[Opening ENTRIES SHOWN section]
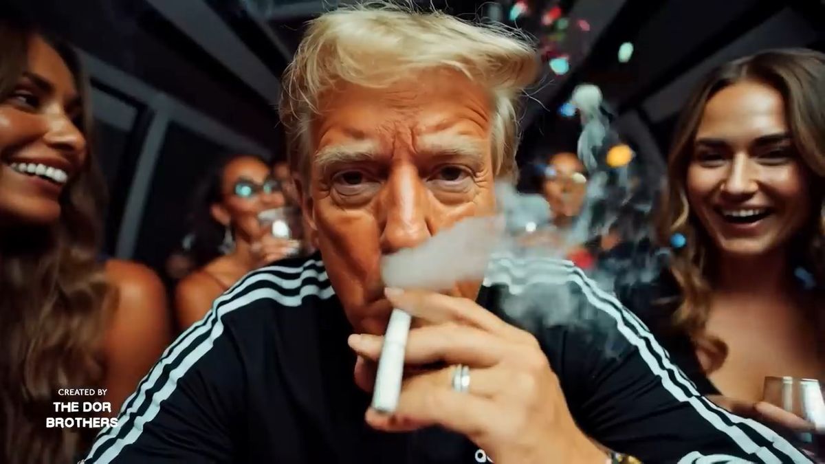 車中には美女に囲まれてタバコをふかすドナルド・トランプ大統領の姿が。
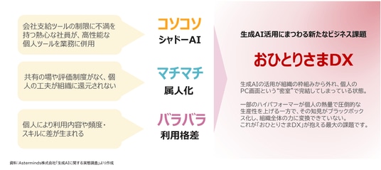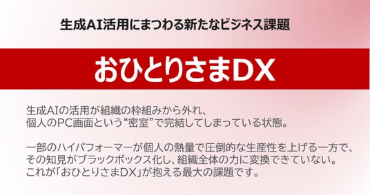本調査により、生成AIの利用が個人のPC画面という"密室"で完結し、組織知に還元されない「おひとりさまDX」という新たなビジネス課題が浮き彫りになりました。
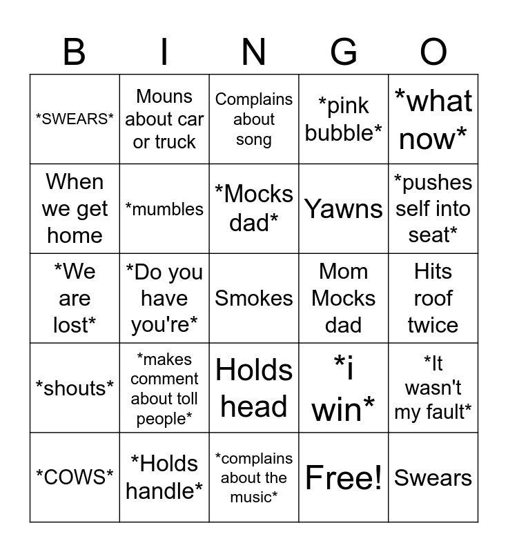 This bingo card has 30 words: *Holds handle*, Holds head, *Do you have you're*, *mm Hmm*, *SWEARS*, Complains about song, *mumbles, Holds head, Mom Mocks dad, *complains about the music*, Hits roof twice, Smokes, Free!, Swears, *pushes self into seat*, *Goes through red light*, *i win*, *shouts*, *makes comment about toll people*, *what now*, *We are lost*, *Where are we*, Mouns about car or truck, Yawns, When we get home, *pink bubble*, *It wasn't my fault*, *COWS*, *Mocks dad* and Someone uses a icebreaker.
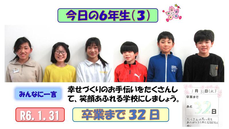 今日の6年生です。中学校での目標や頑張りたいことをしっかり考えていて、感心しました。
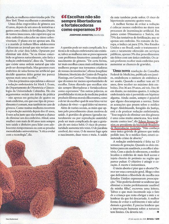 Clipping REVISTA ÉPOCA - Estudo revela técnica de fertilização assistida que resulta em mais bebês do sexo feminino 30/08/2011
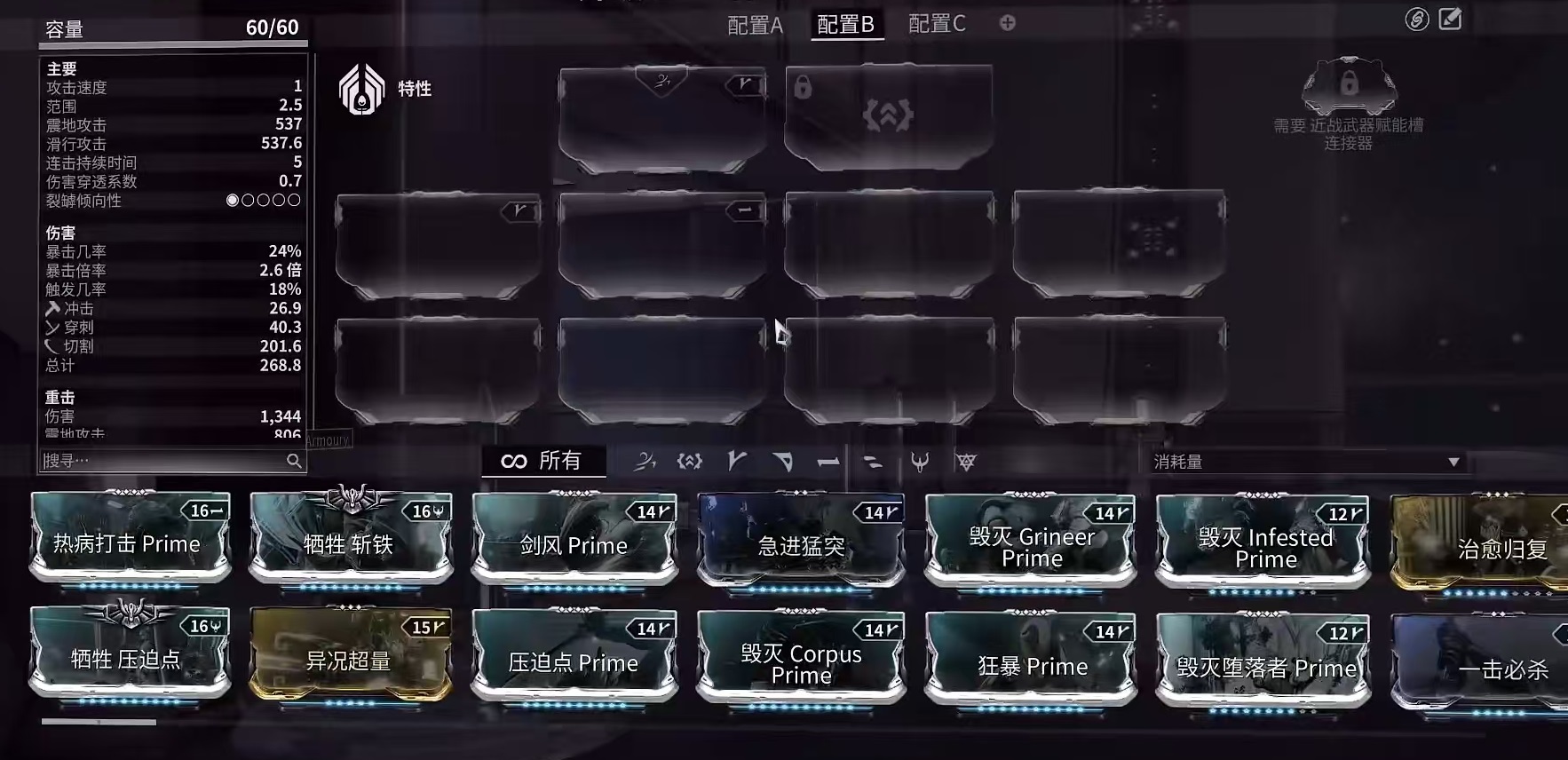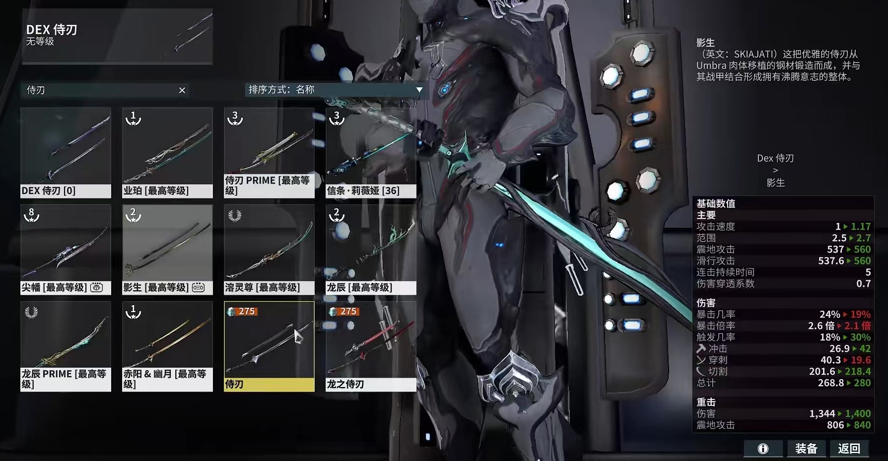 侍刃这一类型的武器虽然有着多种不同的版本,但是都有一样的基础特点,那就是基础伤害比较出色,攻击速度较快,攻击范围适中,有较好暴击几率和触发几率数值。在使用方面,推荐大家选择致命打击、削弱、毁灭等mod,这样做的目的是提升暴击几率,暴击倍数以及伤害和穿甲效果,达到高输出的目的。也可以选择兼顾暴击和攻速的流派,提升了攻速,暴击率和暴击伤害后,在实战中也有很好的强度。
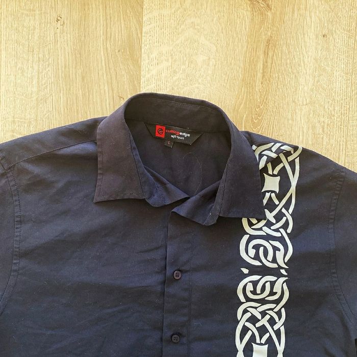 Cutting Edge Chemise Samoan Maori Homme Exclusive Vintage Y2K Tribal en très bon état (Taille L) - photo numéro 3
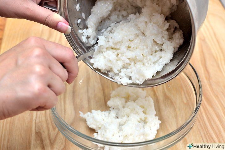 Викладіть зварений рис в ємність для мікрохвильової печі.покладіть достатню кількість для однієї порції; або приблизно 2/3 глибокої тарілки.
[Closing ENTRIES SHOWN section]
Starting at the line above that contains "This bingo card", transcribe every line exactly through the line that contains "今日の6年生です。中学校での", including that last one, and skip the pictures.

EXPECTED OUTPUT:
 This bingo card has 30 words: *Holds handle*, Holds head, *Do you have you're*, *mm Hmm*, *SWEARS*, Complains about song, *mumbles, Holds head, Mom Mocks dad, *complains about the music*, Hits roof twice, Smokes, Free!, Swears, *pushes self into seat*, *Goes through red light*, *i win*, *shouts*, *makes comment about toll people*, *what now*, *We are lost*, *Where are we*, Mouns about car or truck, Yawns, When we get home, *pink bubble*, *It wasn't my fault*, *COWS*, *Mocks dad* and Someone uses a icebreaker.
 今日の6年生です。中学校での目標や頑張りたいことをしっかり考えていて、感心しました。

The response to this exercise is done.